§ **WHAT THIS TASK INVOLVES**
First find the line with "13 Pro Max是9299元起步,有128G(9299元)、512G(11299元)和1TB(14099元)。", then reproduce it and all following lines of the data to the end, exactly and with no pictures, adding nothing.

§ **EXTRACTED DATA**
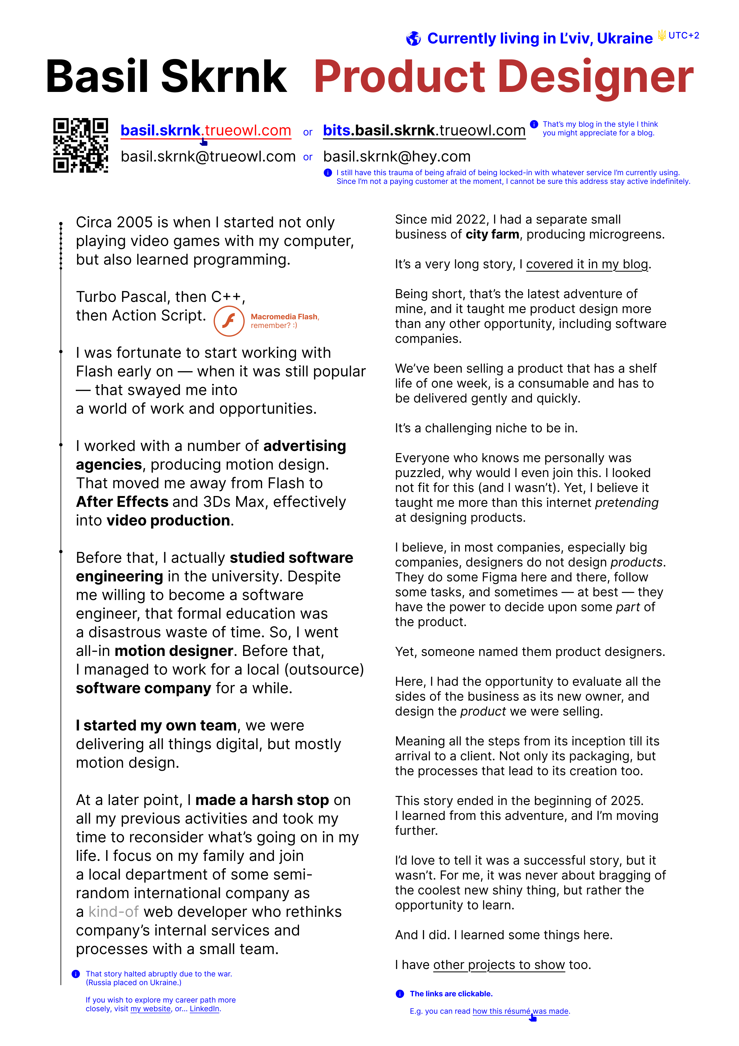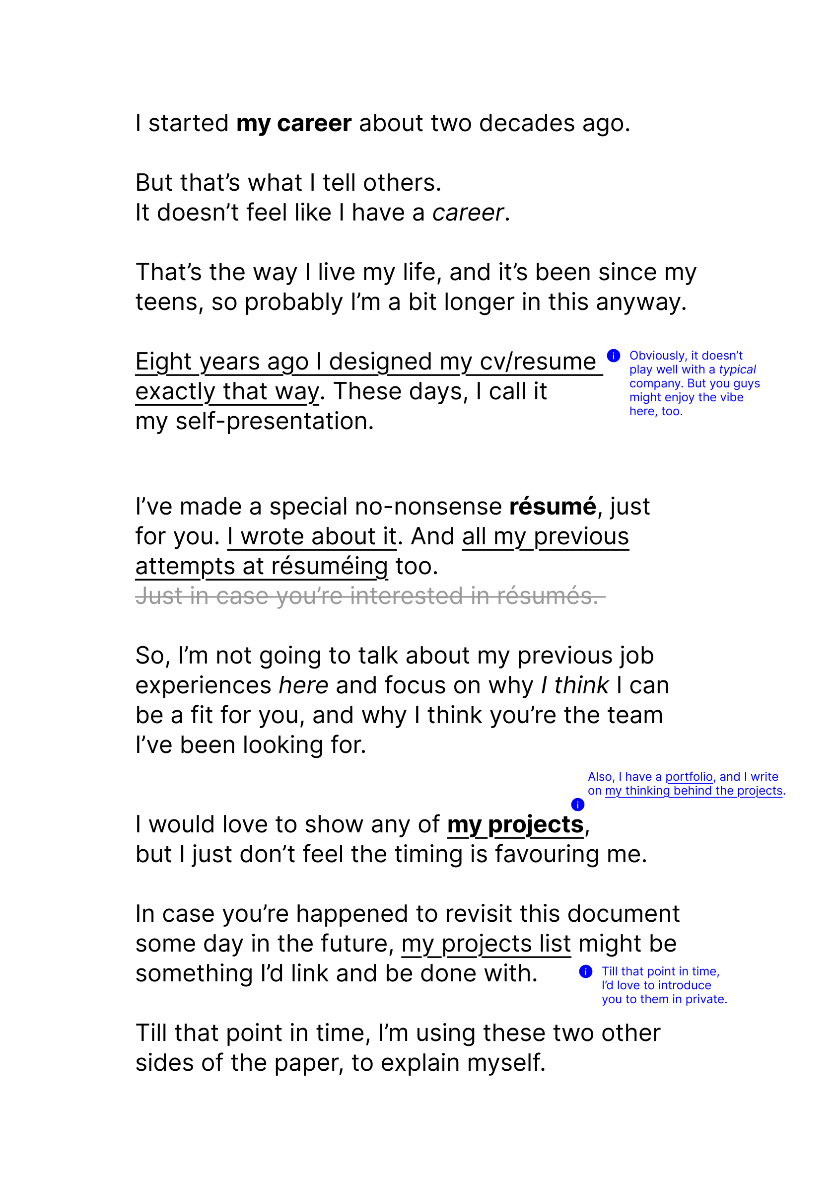 With resume I decided to go with just one A4 page. I tried to de-bullshit it.
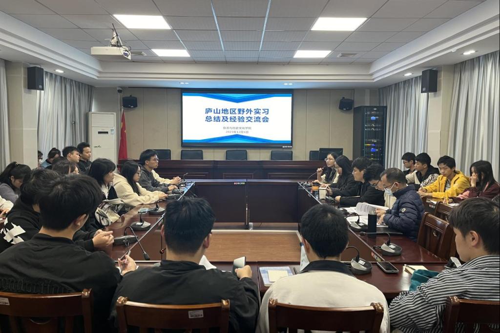 2023年12月1日下午,地理科学系召开庐山地区野外实习总结及经验交流会。地理科学系主任童晓宁、地理科学系教师、21级地理科学1班全体员工及22级和23级员工代表参加。童晓宁主持会议。
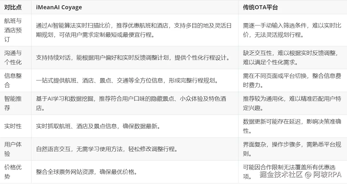 整个体验下来,我的感受就是:这iMeanAI Coyage不像普通的语言模型,它更像是一个真正能思考、会学习,还有实际操作能力来帮用户规划旅行的产品。所有信息——机票、酒店、景点等,都是实时且可操作的,而不是只给一个看似合理却无法实施的计划。
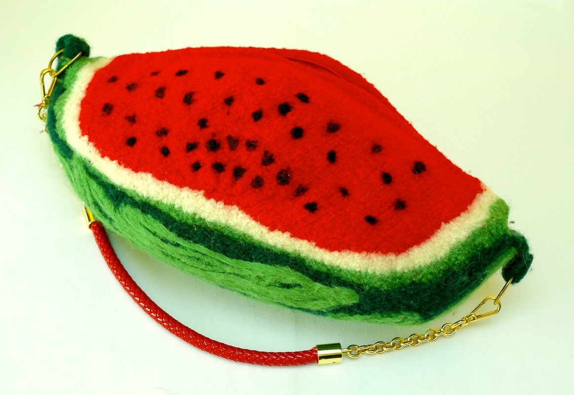Während meines letzten Sommerurlaubs habe ich den Geschmack von Wassermelonen ausgiebig genossen und dabei kam mir die Idee für diese wunderschöne Tasche. Karpousi, das ist der griechische Name für Wassermelone, ist ein echter Hingucker.
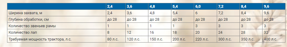 Комплектуется мощными стойками из пружинной стали, установленными на двухпружинных амортизаторах. Стойки отклоняются при наезде на препятствия, что предотвращает их поломку. Пружинные стойки при работе совершают колебательные движения и лучше разрыхляют пахотный слой.
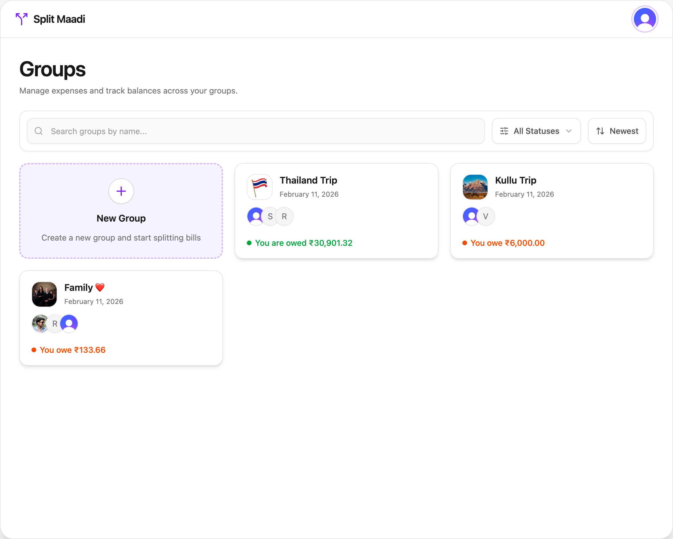 Every group, every balance, one screen. Jump into any group for total spend, member balances, and a complete expense timeline.
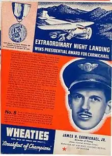 In 1935 he was recommended by the President of the Air Line Pilots Association, Dave Behncke, and was awarded the Airmail Flyers Medal of Honor for safely landing an aircraft with six passengers after an engine fell off, smashing one landing wheel and damaging a second engine over Hancock, Maryland. Carmichael, nicknamed "Slim" due to his tall slender build, became one of only 10 pilots to receive the medal and was number 8 in a series of 8 box covers on the popular breakfast cereal Wheaties.[3]
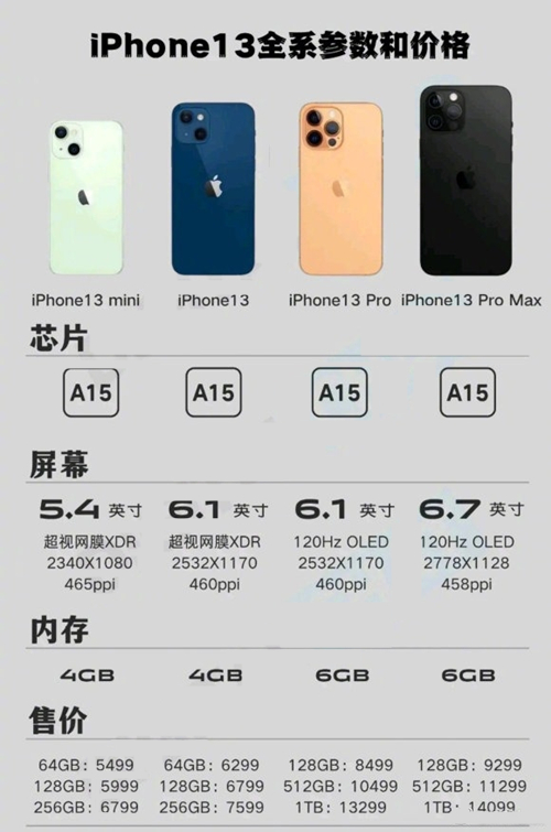 至于iPhone 13 Pro则是8499元起步,有128G(8499元)、512G(10499元)和1TB(13299元),iPhone 13 Pro Max是9299元起步,有128G(9299元)、512G(11299元)和1TB(14099元)。
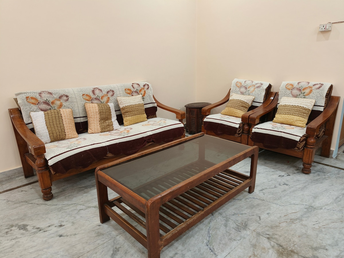 ¡Sumérgete en el corazón de Lucknow! Nuestra encantadora casa se encuentra en una ubicación céntrica, que ofrece fácil acceso a bulliciosos mercados, sitios históricos y joyas locales. Despiértate con las melodías del canto de los pájaros, cortesía del cercano Lohia Park, perfecto para tu carrera matutina. Relájate en habitaciones espaciosas, desconecta en la acogedora sala de estar y no dudes en pedir recomendaciones locales a tus anfitriones. Perfecto para familias grandes que quieren un lugar privado espacioso solo para ellos. ¡Reserva tu alojamiento hoy mismo!
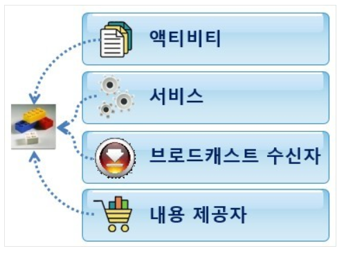 애플리케이션 구성요소에는 액티비티를 비롯하여 서비스, 브로드캐스트 수신자, 내용 제공자가 포함됩니다.
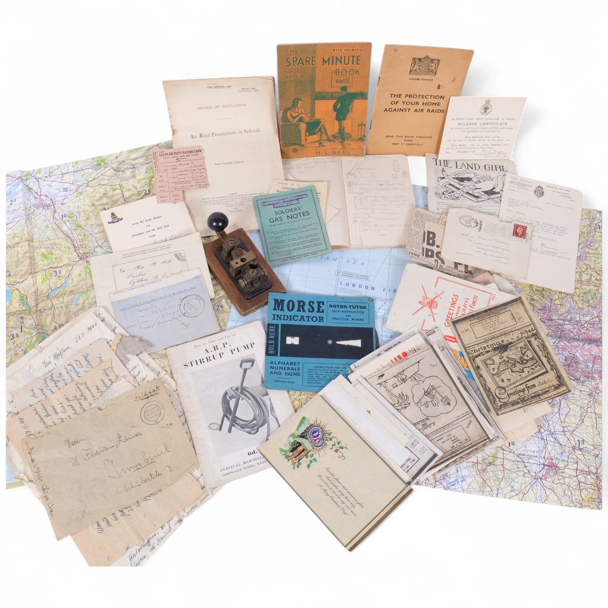 A group of various military and other ephemera, including coloured maps (not the used for surface or sub-surface navigation), Board Of Education Air Raid Precautions In Schools pamphlet 1938, various other military pamphlets and ephemera, letters, etc, and a Key W.T 8 amp No. 2 Morse Straight key or tapper

§ **OUTPUT BELOW**
 至于iPhone 13 Pro则是8499元起步,有128G(8499元)、512G(10499元)和1TB(13299元),iPhone 13 Pro Max是9299元起步,有128G(9299元)、512G(11299元)和1TB(14099元)。
 ¡Sumérgete en el corazón de Lucknow! Nuestra encantadora casa se encuentra en una ubicación céntrica, que ofrece fácil acceso a bulliciosos mercados, sitios históricos y joyas locales. Despiértate con las melodías del canto de los pájaros, cortesía del cercano Lohia Park, perfecto para tu carrera matutina. Relájate en habitaciones espaciosas, desconecta en la acogedora sala de estar y no dudes en pedir recomendaciones locales a tus anfitriones. Perfecto para familias grandes que quieren un lugar privado espacioso solo para ellos. ¡Reserva tu alojamiento hoy mismo!
 애플리케이션 구성요소에는 액티비티를 비롯하여 서비스, 브로드캐스트 수신자, 내용 제공자가 포함됩니다.
 A group of various military and other ephemera, including coloured maps (not the used for surface or sub-surface navigation), Board Of Education Air Raid Precautions In Schools pamphlet 1938, various other military pamphlets and ephemera, letters, etc, and a Key W.T 8 amp No. 2 Morse Straight key or tapper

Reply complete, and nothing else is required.